Unnamed: 0,game_id,defteam,pass_total,pass_rate,pass_oe,total_plays,total_line,spread_line,week,season,posteam,home_team
0,2018_01_ATL_PHI,ATL,42.0,0.591549,-1.611162,71.0,44.5,1.0,1,2018,PHI,PHI
1,2018_01_ATL_PHI,PHI,52.0,0.742857,6.015367,70.0,44.5,1.0,1,2018,ATL,PHI
2,2018_01_BUF_BAL,BAL,44.0,0.676923,-5.026491,65.0,39.0,7.5,1,2018,BUF,BAL
3,2018_01_BUF_BAL,BUF,45.0,0.562500,0.668776,80.0,39.0,7.5,1,2018,BAL,BAL
4,2018_01_CHI_GB,CHI,43.0,0.716667,1.566976,60.0,45.0,6.5,1,2018,GB,GB
...,...,...,...,...,...,...,...,...,...,...,...,...
3161,2023_18_PIT_BAL,PIT,38.0,0.678571,-6.086057,56.0,34.0,-3.0,18,2023,BAL,BAL
3162,2023_18_SEA_ARI,ARI,32.0,0.581818,-9.487502,55.0,48.0,-2.5,18,2023,SEA,ARI
3163,2023_18_SEA_ARI,SEA,32.0,0.457143,-14.381830,70.0,48.0,-2.5,18,2023,ARI,ARI
3164,2023_18_TB_CAR,CAR,38.0,0.612903,1.011848,62.0,36.5,-5.0,18,2023,TB,CAR


In [10]:

def update_spread(games):
  # Create a new column 'pos_spread' to store the adjusted spread values
  games['pos_spread'] = np.where(games['posteam'] == games['home_team'], games['spread_line'], games['spread_line'] * -1)
  return games

games_grouped = update_spread(games_grouped.copy())
defenses_grouped = update_spread(defense_grouped.copy())

In [11]:
games_grouped['pos_team_total'] = games_grouped['total_line']/2 + games_grouped['pos_spread']/2
defenses_grouped['pos_team_total'] = defenses_grouped['total_line']/2 + defenses_grouped['pos_spread']/2


In [12]:
df = games_grouped.sort_values(['posteam','season','week'])

In [13]:
defense_df = defenses_grouped.sort_values(['defteam','season','week'])

In [14]:
def data_creator(df, trailing_weeks):
# First, make sure you have a season column. If not, create it from your date
# Assuming you have a 'game_date' column
# df['season'] = pd.to_datetime(df['game_date']).dt.year

# Sort by team, season, and date
    df = df.sort_values(['posteam', 'season', 'week'])

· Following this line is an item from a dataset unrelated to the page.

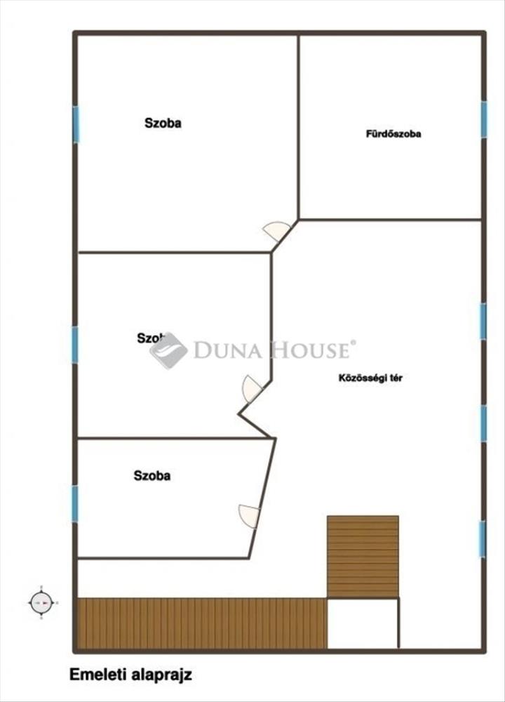 - helyiségei: földszint: egy tágas nappali, étkező- konyha, spájz, 1 szoba, 1 félszoba, közlekedő, fürdőszoba WC-vel, előszoba, mosókonyha, fedett terasz, lépcsőfeljáró

# Group by team and season, then calculate trailing averages within each group
    df['trailing_pass_avg'] = df.groupby(['posteam', 'season'])['pass_rate'].shift(1).rolling(window=trailing_weeks, min_periods=trailing_weeks).mean()
    df['trailing_pass_oe_avg'] = df.groupby(['posteam', 'season'])['pass_oe'].shift(1).rolling(window=trailing_weeks, min_periods=trailing_weeks).mean()
    df['trailing_total_plays_avg'] = df.groupby(['posteam', 'season'])['total_plays'].shift(1).rolling(window=trailing_weeks, min_periods=trailing_weeks).mean()

# For next game values, also group by team and season
    df['next_game_pass'] = df.groupby(['posteam', 'season'])['pass_total'].shift(-1)
    df['next_game_pos_team_total'] = df.groupby(['posteam', 'season'])['pos_team_total'].shift(-1)
    df['next_game_total_line'] = df.groupby(['posteam', 'season'])['total_line'].shift(-1)

# Select final columns
    all_data = df[['game_id', 'posteam', 'season', 'trailing_pass_avg', 'trailing_pass_oe_avg', 
               'trailing_total_plays_avg', 'pass_total', 'pos_team_total', 'total_line']]
    
    return all_data

In [15]:
defense_games = data_creator(defense_df,4)

In [16]:
# First, make sure you have a season column. If not, create it from your date
# Assuming you have a 'game_date' column
# df['season'] = pd.to_datetime(df['game_date']).dt.year

# Sort by team, season, and date
df = df.sort_values(['posteam', 'season', 'week'])

# Group by team and season, then calculate trailing averages within each group
df['trailing_pass_avg'] = df.groupby(['posteam', 'season'])['pass_rate'].shift(1).rolling(window=4, min_periods=4).mean()
df['trailing_pass_total'] = df.groupby(['posteam', 'season'])['pass_total'].shift(1).rolling(window=4, min_periods=4).mean()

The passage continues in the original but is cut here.